On Oct. 22, 2016, the same day that AT&T reached a deal to buy Time Warner for $108.7 billion, Trump vowed on the campaign trail that his administration would block it, saying it would unfairly concentrate power in the marketplace..
But while he tried, he didn't succeed.
Presidents cannot reject or approve mergers and acquisitions, but they can appoint people to departments that oversee them, which Trump did with Makan Delrahim, who serves as the assistant attorney general for the Justice Department's antitrust division. Delrahim's appointment was approved by the Senate in September 2017.
About two months later, the antitrust division announced it was suing to block AT&T's bid. But a federal judge rejected the DOJ's assertion that the deal would substantially reduce market competition and approved the acquisition in June 2018.
U.S. District Court Judge Richard Leon said the DOJ didn't prove that AT&T's acquisition of Time Warner would raise prices for television and internet services and limit consumer choice in a way that would be "likely to lessen competition substantially." He did not impose conditions on the deal.

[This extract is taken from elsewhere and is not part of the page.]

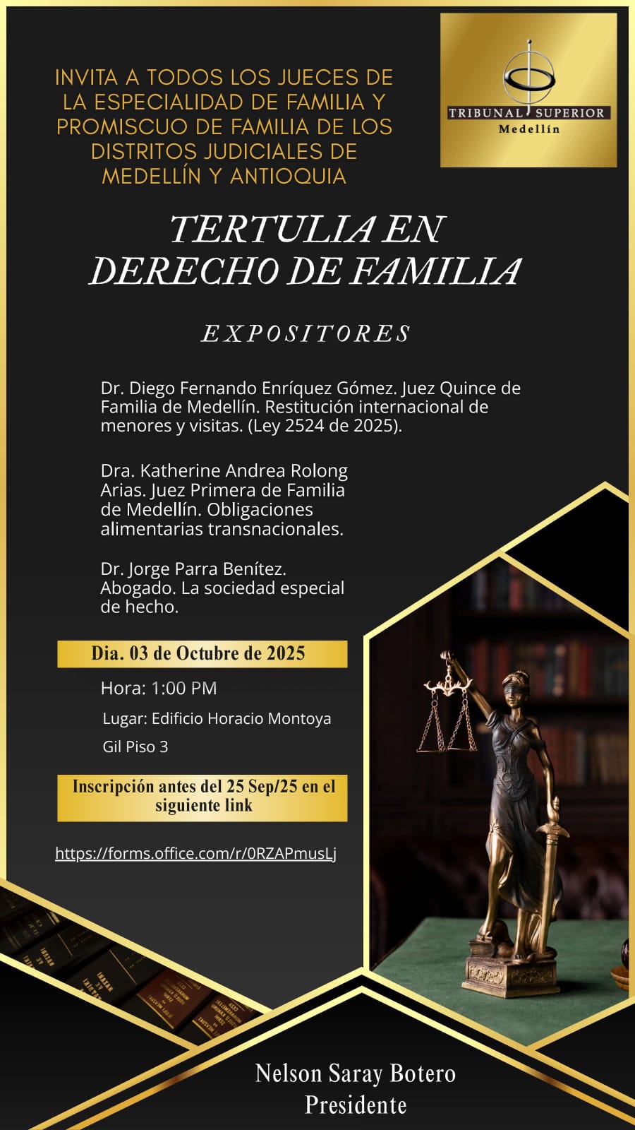 Inscripciones (SOLO PARA LOS JUECES DE LA ESPECIALIDAD DE FAMILIA Y PROMISCUO DE FAMILIA DE LOS DISTRITOS JUDICIALES DE MEDELLÍN Y ANTIOQUIA)

While AT&T officially completed the acquisition days later, the DOJ made a last-ditch appeal on July 11, 2018.
The effort failed in February 2019, after a three-judge panel on the U.S. Court of Appeals for the District of Columbia backed the deal unanimously. The DOJ said it would not pursue further litigation in the case.
The acquisition is complete, and the U.S. government lost its final appeal. We rate this Promise Broken.